- Occupation: Fashion designer
- Known for: Leather gloves

= Evica Milovanov-Penezic =

Serbian glove designer

Evica Milovanov-Penezic is a Serbian glove designer known for her fringes, cutouts and use of vibrant colors.

==Biography==
Penezic started off as a clothing and handbag designer but switched to leather gloves in 1997 while living in Germany. Noticing the limited variety of glove styles, she began creating new designs with embroidery and decorations. Penezic creates her pieces by hand, relying on traditional methods. The handmade approach contributes to the uniqueness of each pair of gloves.

She had her first exhibit at a Belgrade fair and has presented collections in Paris several times.

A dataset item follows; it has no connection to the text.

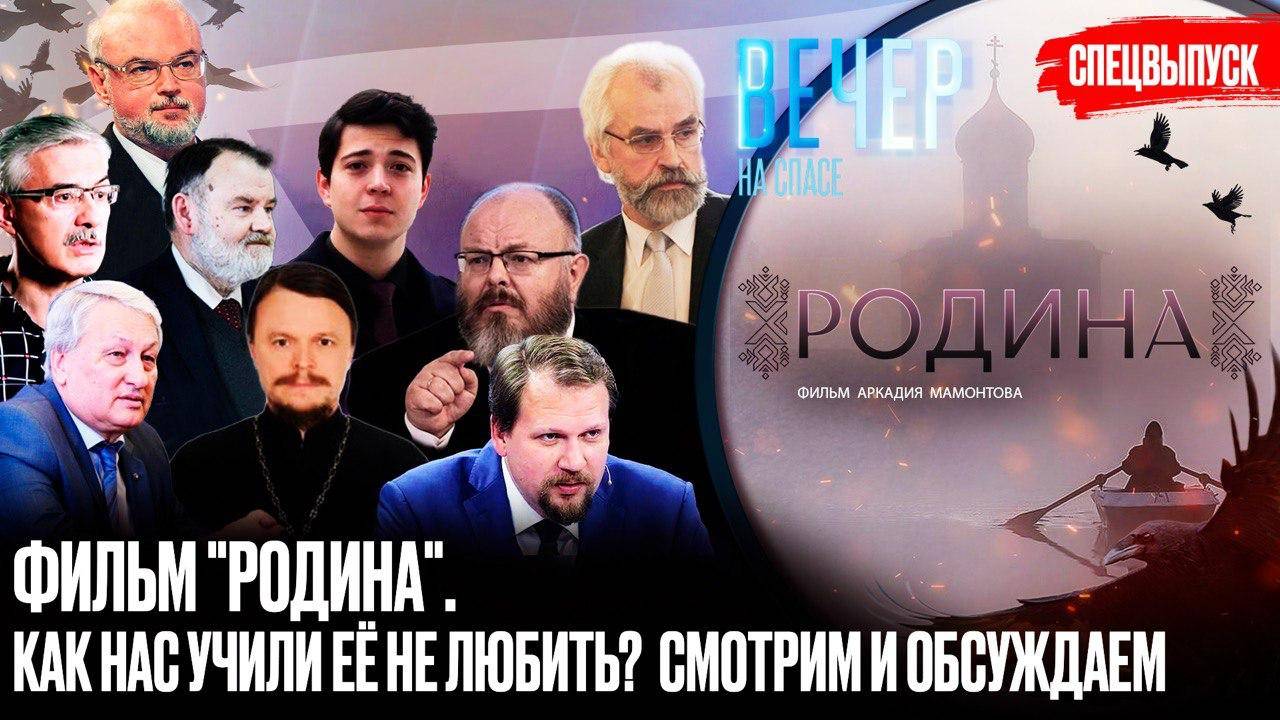 📌 В студии спаса вместе с гостями обсуждаем нашу большу премьеру фильм родина. 📌 Это большое документальное расследование о том, как последние несколько десятилетий жителей России пытались лишить чувства патриотизма, учили смеяться над тем, что свято, и любить не свою а чужую родину. Об этом мы поговорим с гостями в студии. У нас в гостях: 1. Историк спецслужб, писатель — Олег Максимович Хлобустов 2. Историк, киновед, писатель — Фёдор Ибатович Раззаков 3. Генерал-лейтенант, кандидат исторических наук — Леонид Петрович Решетников 4. Насельник Свято-Троицкой Сергиевой Лавры — иеромонах Гурий (Гусев) 5. Публицист, декан факультета медиакоммуникаций МГИК — Юрий Владимирович Кот 6. Педагог, начальник Управления по работе с казачеством МГУТУ им. К.Г. Разумовского — Илья Ипатов 7. Военный историк — Юрий Альбертович Кнутов 8. Лидер общественного движения «Сорок сороков» — Андрей Кормухин 9. Доктор филологических наук — Александр Николаевич Ужанков 10. Студент МГИМО — Антон Атрошенко 11. Студент МГИМО, волонтёр «Невской молодёжи» — Валерия Колесникова 12. Миссионер, катехизатор — Дмитрий Куделин 13. Учредитель Благотворительного фонда «Вольга», член Общественной Палаты Самарской области — Ольга Суркова

She also had several solo shows like the 2011 exhibition at the Ethnographic Museum in Serbia. A Hong Kong exhibit garnered her an award in 2010. Her work has been seen at the Belgrade Fashion Week accessories show and has appeared in fashion publications like Serbian Elle Magazine. She also presented her glove designs at the 8th International Exhibition of "Wearable Art". Her leather gloves are worn by royals like Kate Middleton, as well as singers Deborah Harry and Kelis.

Penezic collaborates with clothing designers like Roksanda Ilincic and Ana Šekularac for their runway shows. She also designs for operas, as well as theater and movie productions, such as the Serbian film "St. George Shoots the Dragon". Her gloves can be found in boutiques in several European cities. She is a member of "The Applied Artists and Designers Association of Serbia" and currently sits on its arts council. She has two daughters.